<<<<
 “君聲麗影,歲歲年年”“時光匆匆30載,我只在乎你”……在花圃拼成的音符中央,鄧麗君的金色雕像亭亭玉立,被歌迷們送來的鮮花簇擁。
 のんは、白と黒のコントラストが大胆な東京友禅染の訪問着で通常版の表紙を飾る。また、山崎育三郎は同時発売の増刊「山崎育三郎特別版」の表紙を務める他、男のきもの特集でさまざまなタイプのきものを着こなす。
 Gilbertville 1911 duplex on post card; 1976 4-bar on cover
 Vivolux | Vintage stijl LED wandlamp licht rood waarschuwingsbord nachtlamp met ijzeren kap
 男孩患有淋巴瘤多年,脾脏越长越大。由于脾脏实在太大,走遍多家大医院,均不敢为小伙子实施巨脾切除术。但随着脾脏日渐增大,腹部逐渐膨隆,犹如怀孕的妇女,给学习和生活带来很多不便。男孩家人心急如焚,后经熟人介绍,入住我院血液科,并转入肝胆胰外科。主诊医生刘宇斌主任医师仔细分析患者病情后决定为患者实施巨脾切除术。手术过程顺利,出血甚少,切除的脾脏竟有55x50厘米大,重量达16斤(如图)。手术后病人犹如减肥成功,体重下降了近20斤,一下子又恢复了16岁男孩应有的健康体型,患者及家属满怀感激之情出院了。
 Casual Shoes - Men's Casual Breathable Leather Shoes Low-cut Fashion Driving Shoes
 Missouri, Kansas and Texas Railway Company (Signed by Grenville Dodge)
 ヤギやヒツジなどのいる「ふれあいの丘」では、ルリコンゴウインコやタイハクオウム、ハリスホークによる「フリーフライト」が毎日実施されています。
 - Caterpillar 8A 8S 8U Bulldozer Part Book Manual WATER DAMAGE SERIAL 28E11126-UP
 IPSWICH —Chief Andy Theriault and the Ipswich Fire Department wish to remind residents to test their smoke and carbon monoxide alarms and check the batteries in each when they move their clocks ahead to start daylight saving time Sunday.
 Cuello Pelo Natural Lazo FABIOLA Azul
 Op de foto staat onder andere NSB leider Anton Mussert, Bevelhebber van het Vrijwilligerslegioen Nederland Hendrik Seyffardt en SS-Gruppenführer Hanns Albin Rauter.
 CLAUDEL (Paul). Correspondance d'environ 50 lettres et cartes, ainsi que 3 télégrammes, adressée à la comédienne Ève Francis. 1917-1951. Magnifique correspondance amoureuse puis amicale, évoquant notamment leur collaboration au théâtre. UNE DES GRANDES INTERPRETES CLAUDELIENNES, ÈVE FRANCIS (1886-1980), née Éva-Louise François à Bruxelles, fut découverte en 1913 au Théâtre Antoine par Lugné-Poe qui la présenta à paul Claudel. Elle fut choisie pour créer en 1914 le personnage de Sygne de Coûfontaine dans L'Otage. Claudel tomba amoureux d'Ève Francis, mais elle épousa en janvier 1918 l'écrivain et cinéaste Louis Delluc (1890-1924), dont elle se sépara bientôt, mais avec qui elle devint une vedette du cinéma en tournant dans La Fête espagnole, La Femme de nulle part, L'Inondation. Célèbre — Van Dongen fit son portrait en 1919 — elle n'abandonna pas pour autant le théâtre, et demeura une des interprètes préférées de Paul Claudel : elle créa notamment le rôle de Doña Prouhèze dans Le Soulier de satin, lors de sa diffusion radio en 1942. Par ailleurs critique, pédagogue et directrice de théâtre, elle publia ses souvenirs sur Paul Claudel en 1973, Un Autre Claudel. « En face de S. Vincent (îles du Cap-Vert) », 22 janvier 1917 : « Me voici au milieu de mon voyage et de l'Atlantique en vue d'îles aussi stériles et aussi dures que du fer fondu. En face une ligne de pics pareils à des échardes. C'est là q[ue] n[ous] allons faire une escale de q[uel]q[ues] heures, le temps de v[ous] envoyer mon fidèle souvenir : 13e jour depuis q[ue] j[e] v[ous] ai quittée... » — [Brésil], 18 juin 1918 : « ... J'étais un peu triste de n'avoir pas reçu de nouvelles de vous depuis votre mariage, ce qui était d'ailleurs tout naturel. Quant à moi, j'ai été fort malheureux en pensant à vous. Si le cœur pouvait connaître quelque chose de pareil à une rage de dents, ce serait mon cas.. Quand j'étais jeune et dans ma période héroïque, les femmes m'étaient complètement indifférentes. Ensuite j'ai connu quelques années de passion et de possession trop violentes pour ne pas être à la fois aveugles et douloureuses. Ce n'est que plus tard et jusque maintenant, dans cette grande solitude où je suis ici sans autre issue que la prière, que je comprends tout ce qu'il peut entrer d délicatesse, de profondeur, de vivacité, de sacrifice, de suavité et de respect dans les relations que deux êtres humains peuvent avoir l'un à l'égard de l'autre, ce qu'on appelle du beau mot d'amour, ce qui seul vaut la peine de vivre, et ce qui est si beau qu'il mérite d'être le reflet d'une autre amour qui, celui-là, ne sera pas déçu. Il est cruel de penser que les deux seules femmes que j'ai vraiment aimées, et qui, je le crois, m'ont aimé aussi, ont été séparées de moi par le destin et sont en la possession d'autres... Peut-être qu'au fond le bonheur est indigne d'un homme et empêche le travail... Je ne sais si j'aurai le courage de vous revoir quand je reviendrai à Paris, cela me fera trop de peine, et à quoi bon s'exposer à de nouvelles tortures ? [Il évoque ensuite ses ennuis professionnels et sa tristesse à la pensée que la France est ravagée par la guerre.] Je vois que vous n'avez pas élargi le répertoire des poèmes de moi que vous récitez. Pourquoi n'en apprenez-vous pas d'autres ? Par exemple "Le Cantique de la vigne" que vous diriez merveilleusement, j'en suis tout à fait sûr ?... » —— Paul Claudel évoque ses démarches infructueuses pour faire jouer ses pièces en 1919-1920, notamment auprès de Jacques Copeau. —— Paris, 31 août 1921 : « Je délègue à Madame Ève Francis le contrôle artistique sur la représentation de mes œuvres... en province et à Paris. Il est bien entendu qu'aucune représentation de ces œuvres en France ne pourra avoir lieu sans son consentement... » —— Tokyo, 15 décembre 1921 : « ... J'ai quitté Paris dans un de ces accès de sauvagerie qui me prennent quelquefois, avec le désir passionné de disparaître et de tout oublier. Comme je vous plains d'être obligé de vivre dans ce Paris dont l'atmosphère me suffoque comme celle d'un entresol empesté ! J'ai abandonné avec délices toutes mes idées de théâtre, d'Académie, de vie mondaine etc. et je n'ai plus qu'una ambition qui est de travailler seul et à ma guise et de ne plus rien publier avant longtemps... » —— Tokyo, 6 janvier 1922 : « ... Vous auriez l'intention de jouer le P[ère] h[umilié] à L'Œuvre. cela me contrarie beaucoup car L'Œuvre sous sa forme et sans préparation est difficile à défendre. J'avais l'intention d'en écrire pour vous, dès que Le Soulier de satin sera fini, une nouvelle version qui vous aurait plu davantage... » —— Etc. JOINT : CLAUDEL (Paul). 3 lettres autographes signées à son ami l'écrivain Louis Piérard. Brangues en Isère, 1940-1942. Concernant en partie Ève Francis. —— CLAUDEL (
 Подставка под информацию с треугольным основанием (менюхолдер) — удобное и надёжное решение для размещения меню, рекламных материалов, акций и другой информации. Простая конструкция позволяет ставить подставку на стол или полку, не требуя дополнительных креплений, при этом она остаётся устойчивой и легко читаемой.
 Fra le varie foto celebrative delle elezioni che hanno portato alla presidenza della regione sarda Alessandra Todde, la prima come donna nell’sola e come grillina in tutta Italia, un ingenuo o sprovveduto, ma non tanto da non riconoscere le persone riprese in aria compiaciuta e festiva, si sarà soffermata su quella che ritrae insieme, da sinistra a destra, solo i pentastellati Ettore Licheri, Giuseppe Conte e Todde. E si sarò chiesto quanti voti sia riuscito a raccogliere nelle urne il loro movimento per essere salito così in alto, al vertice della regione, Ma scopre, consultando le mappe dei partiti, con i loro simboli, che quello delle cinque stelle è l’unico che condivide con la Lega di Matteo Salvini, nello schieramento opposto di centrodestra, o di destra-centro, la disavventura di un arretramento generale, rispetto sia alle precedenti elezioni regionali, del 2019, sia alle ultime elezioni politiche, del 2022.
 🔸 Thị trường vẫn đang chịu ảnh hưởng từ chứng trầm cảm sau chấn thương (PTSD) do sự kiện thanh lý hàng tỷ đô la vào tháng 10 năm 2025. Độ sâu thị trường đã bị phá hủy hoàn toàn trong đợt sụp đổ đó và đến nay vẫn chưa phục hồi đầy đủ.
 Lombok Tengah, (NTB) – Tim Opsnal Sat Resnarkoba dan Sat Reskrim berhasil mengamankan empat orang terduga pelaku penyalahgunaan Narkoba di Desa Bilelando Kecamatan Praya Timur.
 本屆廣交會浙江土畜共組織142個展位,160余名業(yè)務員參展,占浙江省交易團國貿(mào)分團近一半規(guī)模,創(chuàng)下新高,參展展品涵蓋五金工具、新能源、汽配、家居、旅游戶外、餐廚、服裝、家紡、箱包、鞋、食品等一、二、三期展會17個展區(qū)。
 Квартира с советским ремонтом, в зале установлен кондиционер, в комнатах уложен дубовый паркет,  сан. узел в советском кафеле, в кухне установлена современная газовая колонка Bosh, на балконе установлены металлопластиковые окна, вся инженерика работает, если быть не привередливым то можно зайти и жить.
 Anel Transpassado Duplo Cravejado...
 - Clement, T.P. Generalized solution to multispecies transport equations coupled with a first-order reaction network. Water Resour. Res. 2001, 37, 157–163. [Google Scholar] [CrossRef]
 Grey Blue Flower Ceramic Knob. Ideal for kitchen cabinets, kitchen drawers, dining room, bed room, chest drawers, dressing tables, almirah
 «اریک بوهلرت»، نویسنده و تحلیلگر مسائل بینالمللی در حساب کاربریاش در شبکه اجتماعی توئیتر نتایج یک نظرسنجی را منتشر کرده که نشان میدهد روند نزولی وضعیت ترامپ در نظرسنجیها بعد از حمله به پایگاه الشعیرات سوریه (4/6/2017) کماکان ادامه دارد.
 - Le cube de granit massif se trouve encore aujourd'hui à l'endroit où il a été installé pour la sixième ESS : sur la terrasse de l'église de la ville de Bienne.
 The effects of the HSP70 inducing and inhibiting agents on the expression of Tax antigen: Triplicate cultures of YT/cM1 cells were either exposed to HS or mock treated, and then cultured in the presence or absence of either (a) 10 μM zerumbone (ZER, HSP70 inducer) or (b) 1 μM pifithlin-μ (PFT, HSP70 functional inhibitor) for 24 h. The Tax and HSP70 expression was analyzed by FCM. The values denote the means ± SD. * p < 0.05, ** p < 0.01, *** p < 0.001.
>>>>
### EXERCISE DESCRIPTION:
The expected output is the exact run of lines from the start of the entries through the line with "Op de foto staat", inclusive.

### EXERCISE ANSWER:
 “君聲麗影,歲歲年年”“時光匆匆30載,我只在乎你”……在花圃拼成的音符中央,鄧麗君的金色雕像亭亭玉立,被歌迷們送來的鮮花簇擁。
 のんは、白と黒のコントラストが大胆な東京友禅染の訪問着で通常版の表紙を飾る。また、山崎育三郎は同時発売の増刊「山崎育三郎特別版」の表紙を務める他、男のきもの特集でさまざまなタイプのきものを着こなす。
 Gilbertville 1911 duplex on post card; 1976 4-bar on cover
 Vivolux | Vintage stijl LED wandlamp licht rood waarschuwingsbord nachtlamp met ijzeren kap
 男孩患有淋巴瘤多年,脾脏越长越大。由于脾脏实在太大,走遍多家大医院,均不敢为小伙子实施巨脾切除术。但随着脾脏日渐增大,腹部逐渐膨隆,犹如怀孕的妇女,给学习和生活带来很多不便。男孩家人心急如焚,后经熟人介绍,入住我院血液科,并转入肝胆胰外科。主诊医生刘宇斌主任医师仔细分析患者病情后决定为患者实施巨脾切除术。手术过程顺利,出血甚少,切除的脾脏竟有55x50厘米大,重量达16斤(如图)。手术后病人犹如减肥成功,体重下降了近20斤,一下子又恢复了16岁男孩应有的健康体型,患者及家属满怀感激之情出院了。
 Casual Shoes - Men's Casual Breathable Leather Shoes Low-cut Fashion Driving Shoes
 Missouri, Kansas and Texas Railway Company (Signed by Grenville Dodge)
 ヤギやヒツジなどのいる「ふれあいの丘」では、ルリコンゴウインコやタイハクオウム、ハリスホークによる「フリーフライト」が毎日実施されています。
 - Caterpillar 8A 8S 8U Bulldozer Part Book Manual WATER DAMAGE SERIAL 28E11126-UP
 IPSWICH —Chief Andy Theriault and the Ipswich Fire Department wish to remind residents to test their smoke and carbon monoxide alarms and check the batteries in each when they move their clocks ahead to start daylight saving time Sunday.
 Cuello Pelo Natural Lazo FABIOLA Azul
 Op de foto staat onder andere NSB leider Anton Mussert, Bevelhebber van het Vrijwilligerslegioen Nederland Hendrik Seyffardt en SS-Gruppenführer Hanns Albin Rauter.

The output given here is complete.